Embattled GM suspends two engineers, asks NASA for help
After a roasting in Congress last week, GM has suspended two engineers documents suggest are linked to the ignition switch problem and asked NASA to look into the safety of its recalled cars.
Pablo Martinez Monsivais/AP
Amid an ongoing federal investigation into its recall of vehicles linked to 13 deaths, General Motors has placed two engineers on paid leave and is asking NASA to determine the safety of the cars it is recalling.
The moves come a week after members of Congress sharply criticized GM, saying the company has not been transparent enough in dealing with a defective ignition switch that investigators say momentarily powers down the engine and disables the airbags. About 2.6 million vehicles have been recalled worldwide.
GM did not identify the two engineers, but media reports identify them as Ray DeGiorgio, a switch engineer, and Gary Altman, a chief development engineer. Both men provided depositions last year in a civil suit related to the switches.
Mr. Altman said he first noticed the ignition switch problem in 2004 and described a replacement switch issued in 2006 as an “improvement” but “not a fix to the issue,” according to documents collected by the National Highway Traffic Safety Administration (NHTSA), which is investigating the recall. Even so, Altman said he agreed with the installation of the switch in the vehicles.
Mr. DeGiorgio approved the new switch in April 2006, according to documents, even though he said in his deposition that he did not “recall ever authorizing such a change.”
In a Senate hearing last week, Sen. Claire McCaskill (D) of Missouri said DeGiorgio “lied” under oath. Thursday, she said in a statement that “it’s about time” GM put the two engineers on leave.

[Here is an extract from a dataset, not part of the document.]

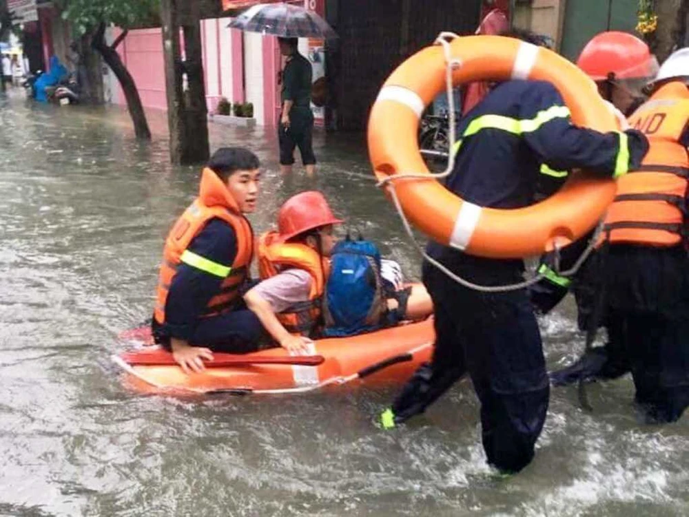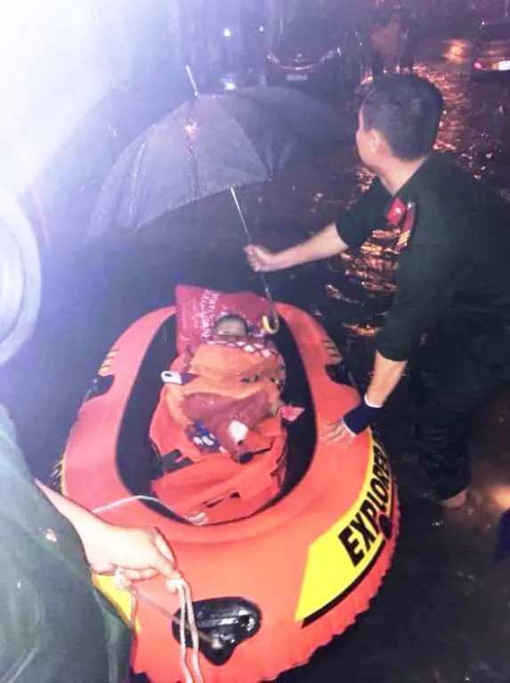 Đội Cảnh sát PCCC Công an quận Thanh Khê đã phối hợp với người dân đến ứng cứu. Xuồng cao su, chậu nhựa được sử dụng đề đưa các nạn nhân ra ngoài.

“Of the many frustrating moments in our hearing last week, an especially surreal one was learning that the GM employee who had obviously committed perjury hadn't even been suspended and was still on the job in a role with a direct impact on the safety of GM's products,” she said. “This marks a small step in the right direction for GM to take responsibility for poor – and possibly criminal – decisions that cost lives and put millions of American consumers at risk.”
GM is also under fire for missing a deadline last week to answer 107 questions requested by the NHTSA in its investigation. On Wednesday, the agency announced it was fining the automaker $7,000 for every day it fails to comply.

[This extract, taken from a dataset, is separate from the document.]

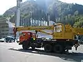 Автокран «Галичанин». Аутригери розташовані в середині і кінці машини і засунуті досередини. Їхні торці пофарбовані червоними і білими смугами

GM, meanwhile, has been trying to show that it is in front of the problem. On Thursday, it announced a program titled “Speak Up for Safety” designed to “remove perceived and real barriers to candid conversations between employees and their leaders as a step to foster a ‘safety first’ culture,” CEO Mary Barra said.
The company is also conducting an internal independent investigation, in addition to asking NASA to send a team to verify that the recalled cars, which include Chevrolet Cobalts and other small 2003 to 2007 model-year vehicles, can safely be driven. When that question came up in Congress last week, Ms. Barra said the vehicles were safe so long as no other keys were attached to the ignition key.
The GM recall, combined with the recall of 6.8 million Toyota vehicles worldwide this year, is likely to push federal regulators to clamp down on the industry. Last year, nearly 31 million vehicles were recalled in the US, according to the NHTSA.
Several members of Congress are suggesting measures to improve auto industry safety.
Rep. Henry Waxman (D) of California wants to add a $3 fee on new vehicles to bolster the NHTSA budget. He also wants to raise potential penalties on automakers from $35 million to as much as $200 million.
Sen. Richard Blumenthal (D) of Connecticut wants GM to create a $3 billion to $8 billion trust fund that will pay claims related to the defective vehicles.
Consumer advocate Ralph Nader is also asking Congress to introduce the Dangerous Products Warning Act by Rep. John Conyers (D) of Michigan, which would impose criminal liability for managers who knew of defects but failed to warn federal regulators.